15 minute break
Easist ways to obtain are:
Anaconda (2.0) http://continuum.io/downloads
The above includes astropy 0.3.2
To update that version to 0.4rc1 (at the OS shell level):
conda install astropy=0.4rc1
IPython Notebook is the basis for tutorial material
To obtain the notebooks used for this tutorial, and the associated data, download:
http://bit.ly/astropy-scipy2014 (~30 MB zip file)
The notebook files themselves can be found under the notebooks/
subdirectory of that zip file. The associated data files are under notebooks/data
. Many of the examples references data files with relative filenames like data/<filename>
, launch ipython from within the notebooks/
directory for best results in resolving filenames.
In general, we will supply enough exercises to fill everyone's time. Depending on background and experience, some will only get the first part or two done; some will get further. The exercises generally increase in sophistication and difficulty. Few will finish all.

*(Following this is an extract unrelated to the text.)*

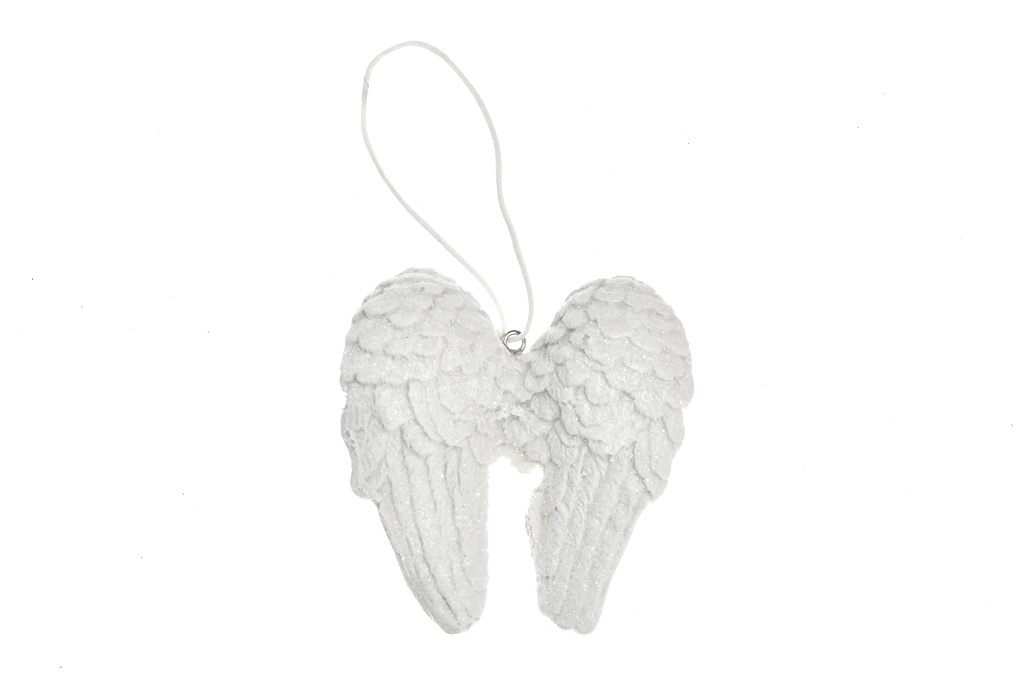 Krásná dekorace vyrobená z pryskyřice v podobě nádherné závěsné dekorace bílých andělských křídel, která mají díky glitrům jiskřivý efekt při dopadu světla.

For the introduction, the exercises are mainly to see that everything is working and installed on your computer
Open the second tutorial session (Unit_Conversion.ipynb). Execute a few code cells
# example code cell
x = 2**10
print x
Create a new cell and try the following imports
import numpy as np
import astropy.units as u
import astropy.io.fits as iof
import astropy.wcs as wcs
import astropy.io.ascii as ioa
import astropy.coordinates as coord
import astropy.time as time
import matplotlib.pyplot as plt
IF any of these don't work, ask for help with checking your installation.
Try executing the following commands within an ipython notebook cell (requires downloading data files and unpacking. Run these commands from the directory that the files are in):
# assumes above imports have been done
hdus = iof.open('data/msx.fits')
plt.imshow(hdus[0].data, vmax=0.0003, origin='lower')
Write a python function to compute the first 10**100 primes in 5 minutes. Select the most interesting one.